◆ DESCRIPTION OF THE TASK
Leave out the pictures and retype, exactly, the lines below from the line with "他们的一个产品 Tensorplex Stake" up to and including the line with "Våra unika glasunderlägg", nothing more.
(DATA EXTRACTS Opens)
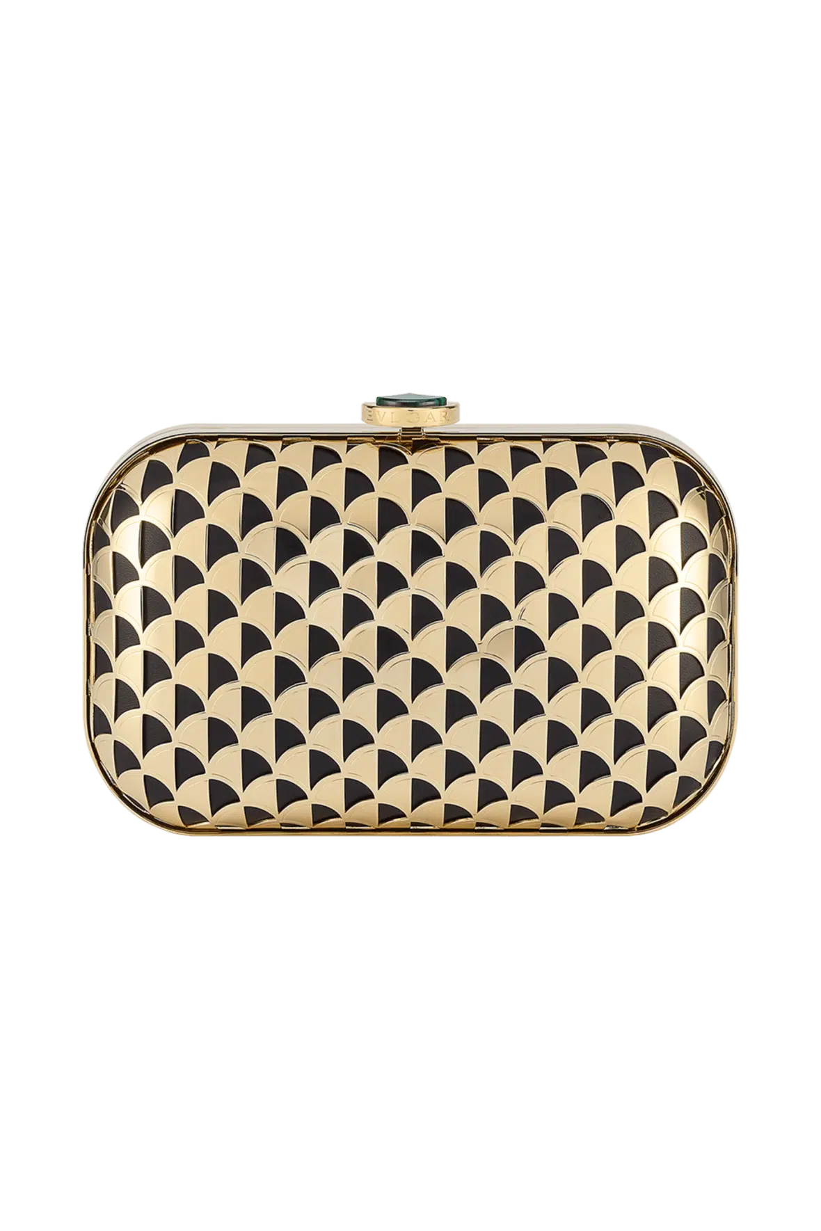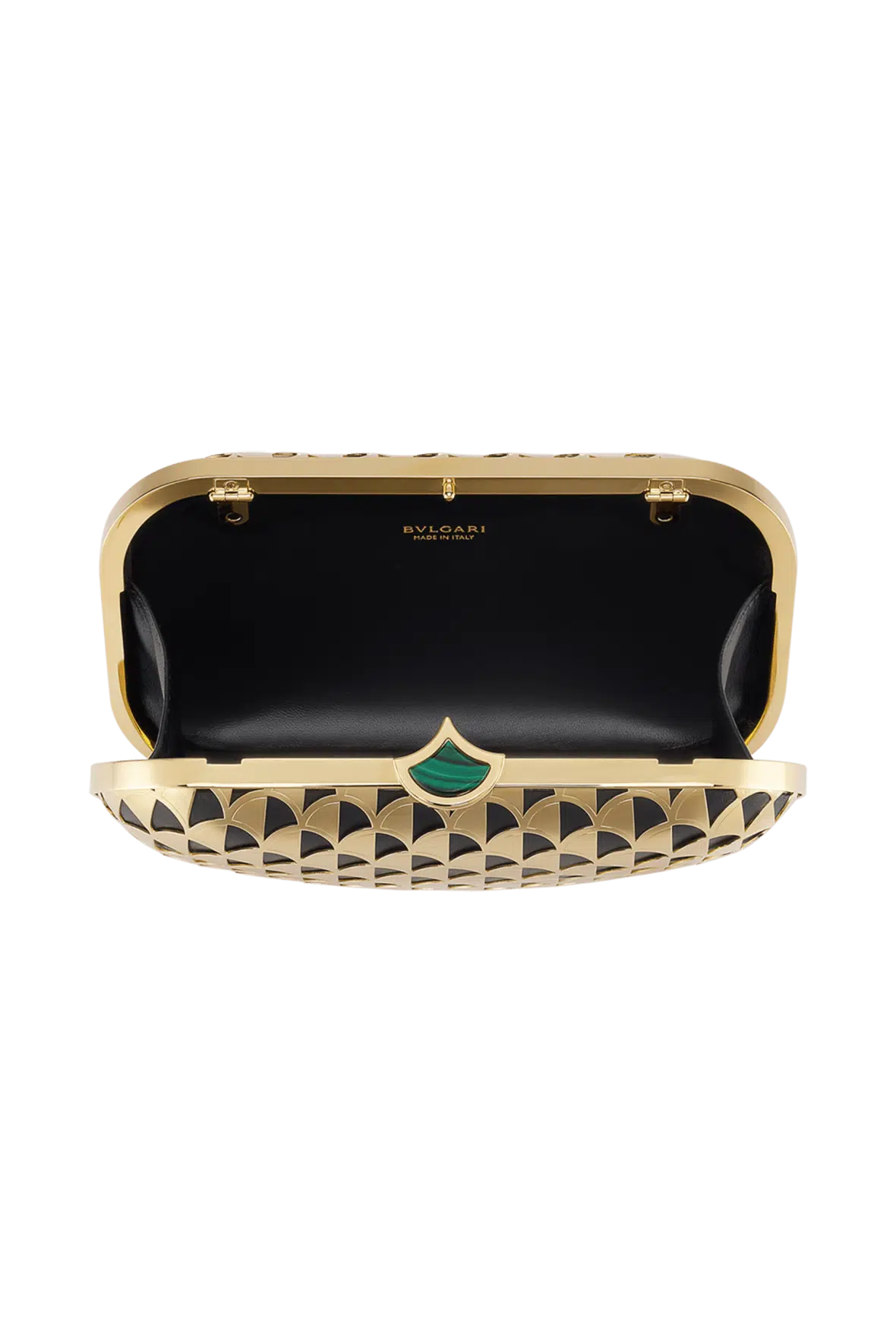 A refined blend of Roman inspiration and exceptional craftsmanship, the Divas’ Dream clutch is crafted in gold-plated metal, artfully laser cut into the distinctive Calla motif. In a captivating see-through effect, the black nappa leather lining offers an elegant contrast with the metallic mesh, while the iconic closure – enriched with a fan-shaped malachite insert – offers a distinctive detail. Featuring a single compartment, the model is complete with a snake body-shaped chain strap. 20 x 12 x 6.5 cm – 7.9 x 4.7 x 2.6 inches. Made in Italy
(DATA EXTRACTS Closes)
(DATA EXTRACTS Opens)
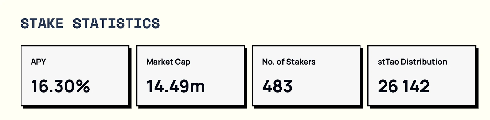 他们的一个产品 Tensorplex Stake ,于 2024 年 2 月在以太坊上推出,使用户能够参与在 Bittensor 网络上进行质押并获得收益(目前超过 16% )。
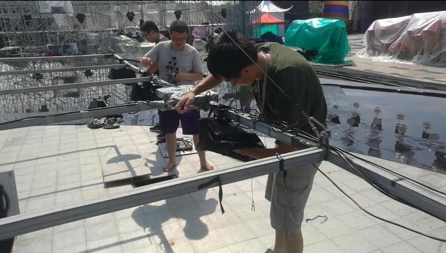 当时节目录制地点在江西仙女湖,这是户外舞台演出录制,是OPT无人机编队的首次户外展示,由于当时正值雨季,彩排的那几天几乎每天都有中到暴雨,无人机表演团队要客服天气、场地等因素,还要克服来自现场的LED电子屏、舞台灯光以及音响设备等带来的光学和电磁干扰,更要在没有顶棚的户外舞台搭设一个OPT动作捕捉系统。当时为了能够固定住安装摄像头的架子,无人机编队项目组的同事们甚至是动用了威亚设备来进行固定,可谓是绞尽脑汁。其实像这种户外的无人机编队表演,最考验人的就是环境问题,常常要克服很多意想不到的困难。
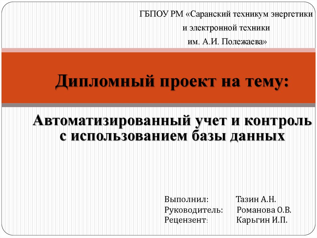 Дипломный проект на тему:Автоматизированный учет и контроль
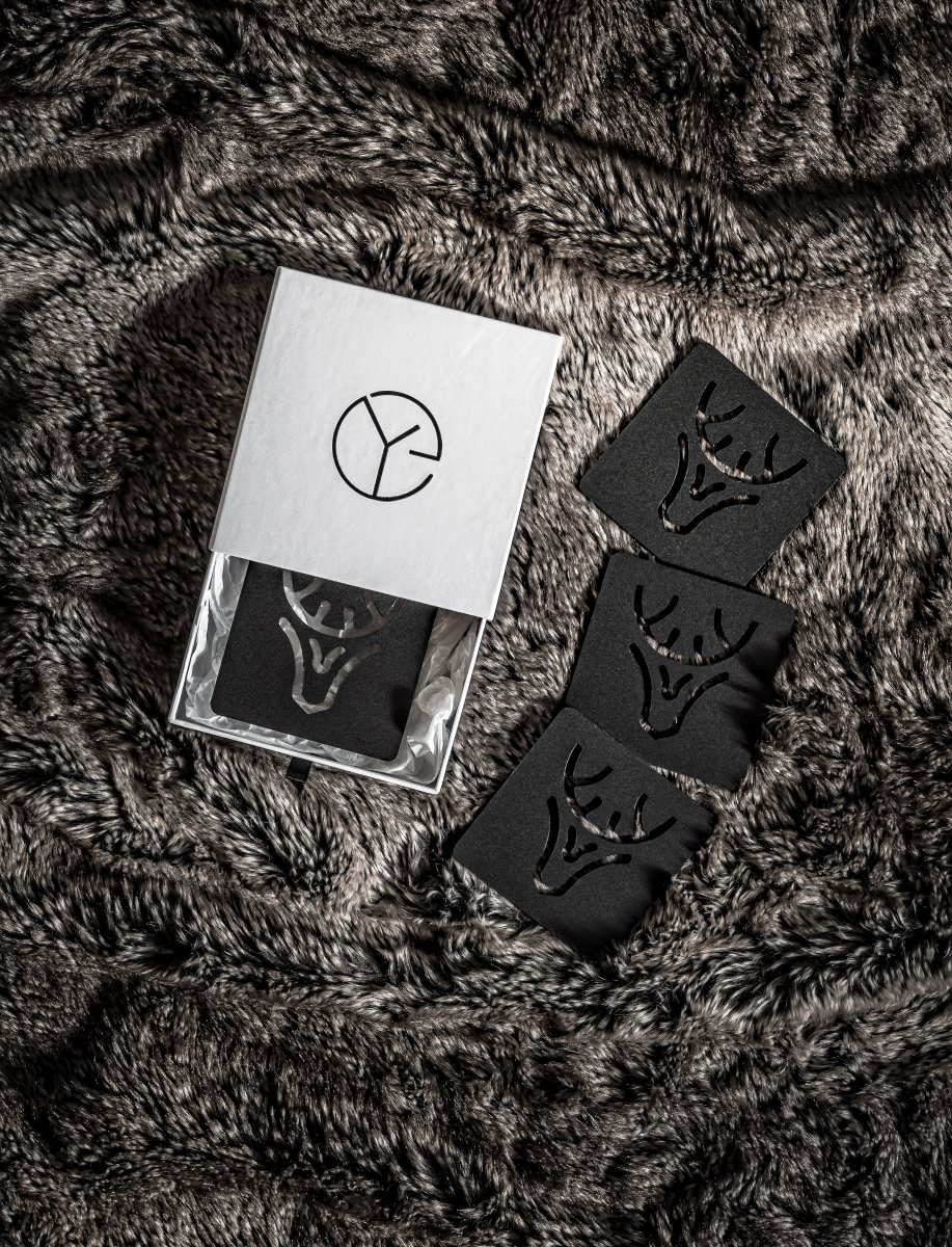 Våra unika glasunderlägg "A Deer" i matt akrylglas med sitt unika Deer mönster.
(DATA EXTRACTS Closes)
(DATA EXTRACTS Opens)
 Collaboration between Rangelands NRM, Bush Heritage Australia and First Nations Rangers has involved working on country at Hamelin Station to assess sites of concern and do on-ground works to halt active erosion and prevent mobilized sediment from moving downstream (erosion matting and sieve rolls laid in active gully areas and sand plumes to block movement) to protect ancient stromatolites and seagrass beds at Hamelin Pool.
(DATA EXTRACTS Closes)
◆ RESPONSE
 他们的一个产品 Tensorplex Stake ,于 2024 年 2 月在以太坊上推出,使用户能够参与在 Bittensor 网络上进行质押并获得收益(目前超过 16% )。
 当时节目录制地点在江西仙女湖,这是户外舞台演出录制,是OPT无人机编队的首次户外展示,由于当时正值雨季,彩排的那几天几乎每天都有中到暴雨,无人机表演团队要客服天气、场地等因素,还要克服来自现场的LED电子屏、舞台灯光以及音响设备等带来的光学和电磁干扰,更要在没有顶棚的户外舞台搭设一个OPT动作捕捉系统。当时为了能够固定住安装摄像头的架子,无人机编队项目组的同事们甚至是动用了威亚设备来进行固定,可谓是绞尽脑汁。其实像这种户外的无人机编队表演,最考验人的就是环境问题,常常要克服很多意想不到的困难。
 Дипломный проект на тему:Автоматизированный учет и контроль
 Våra unika glasunderlägg "A Deer" i matt akrylglas med sitt unika Deer mönster.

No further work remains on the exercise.